Re: [PATCH] mm: memcontrol: fix cgroup creation failure after many small jobs

From: Johannes Weiner
Date: Fri Jun 17 2016 - 12:43:21 EST


On Fri, Jun 17, 2016 at 12:06:55PM +0300, Vladimir Davydov wrote:
> On Wed, Jun 15, 2016 at 11:42:44PM -0400, Johannes Weiner wrote:
> > The memory controller has quite a bit of state that usually outlives
> > the cgroup and pins its CSS until said state disappears. At the same
> > time it imposes a 16-bit limit on the CSS ID space to economically
> > store IDs in the wild. Consequently, when we use cgroups to contain
> > frequent but small and short-lived jobs that leave behind some page
> > cache, we quickly run into the 64k limitations of outstanding CSSs.
> > Creating a new cgroup fails with -ENOSPC while there are only a few,
> > or even no user-visible cgroups in existence.
> >
> > Although pinning CSSs past cgroup removal is common, there are only
> > two instances that actually need a CSS ID after a cgroup is deleted:
> > cache shadow entries and swapout records.
> >
> > Cache shadow entries reference the ID weakly and can deal with the CSS
> > having disappeared when it's looked up later. They pose no hurdle.
> >
> > Swap-out records do need to pin the css to hierarchically attribute
> > swapins after the cgroup has been deleted; though the only pages that
> > remain swapped out after a process exits are tmpfs/shmem pages. Those
> > references are under the user's control and thus manageable.
> >
> > This patch introduces a private 16bit memcg ID and switches swap and
> > cache shadow entries over to using that. It then decouples the CSS
> > lifetime from the CSS ID lifetime, such that a CSS ID can be recycled
> > when the CSS is only pinned by common objects that don't need an ID.
>
> There's already id which is only used for online memory cgroups - it's
> kmemcg_id. May be, instead of introducing one more idr, we could name it
> generically and reuse it for shadow entries?

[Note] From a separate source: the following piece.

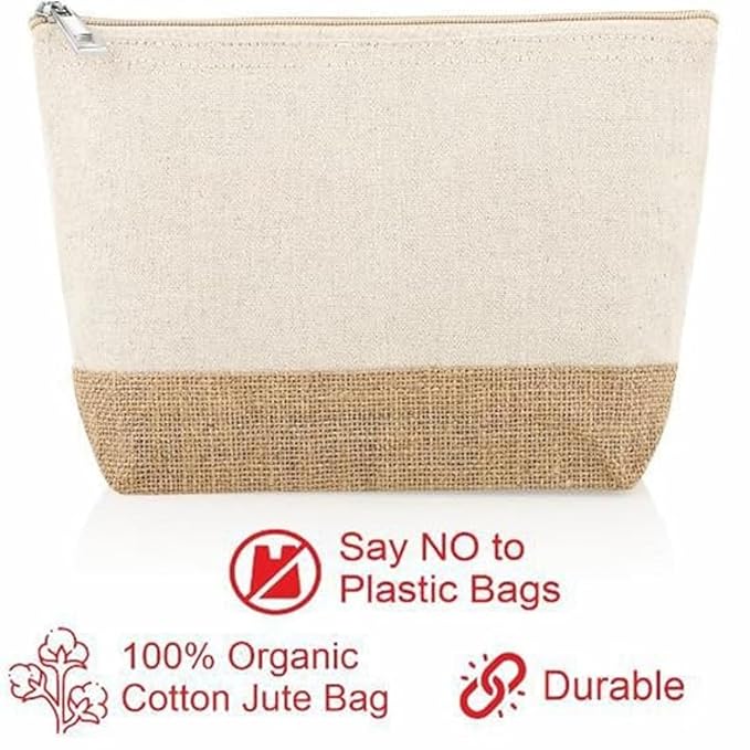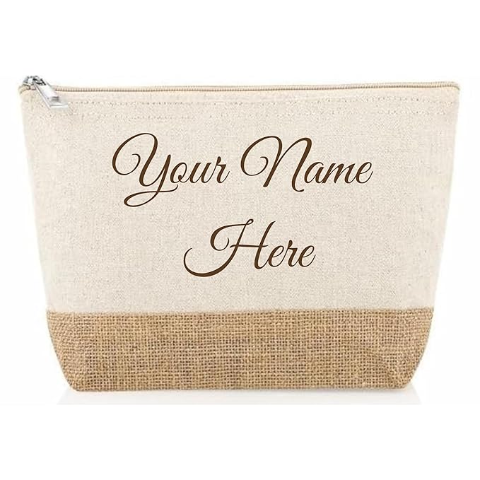 Add a personal touch to your everyday essentials with this customisable cotton and jute makeup pouch. Measuring 27 x 13 x 5 centimetres, this medium-sized pouch offers ample space for storing cosmetics, stationery, or other daily necessities. The pouch features a stylish two-tone design with natural jute at the bottom and soft cotton on top, where your chosen name can be elegantly displayed in beautiful script. The durable construction combines 100% organic cotton and jute materials, making it a practical alternative to plastic bags. The smooth metal zipper ensures secure closure, while the spacious interior keeps your items organised and easily accessible. Whether for yourself or as a thoughtful gift, this personalised pouch adds both functionality and style to your everyday carry. The natural materials create a rustic yet sophisticated appearance that complements any style.

Good point. But it seems mem_cgroup_idr is more generic, it makes
sense to switch slab accounting over to that. I'll look into that, but
as a refactoring patch on top of this fix.

> Regarding swap entries, would it really make much difference if we used
> 4 bytes per swap page instead of 2? For a 100 GB swap it'd increase
> overhead from 50 MB up to 100 MB, which still doesn't seem too much IMO,
> so may be just use plain unrestricted css->id for swap entries?

Yes and no. I agree that the increased consumption wouldn't be too
crazy, but if we have to maintain a 16-bit ID anyway, we might as well
use it for swap too to save that space. I don't think tmpfs and shmem
pins past offlining will be common enough to significantly eat into
the ID space of online cgroups.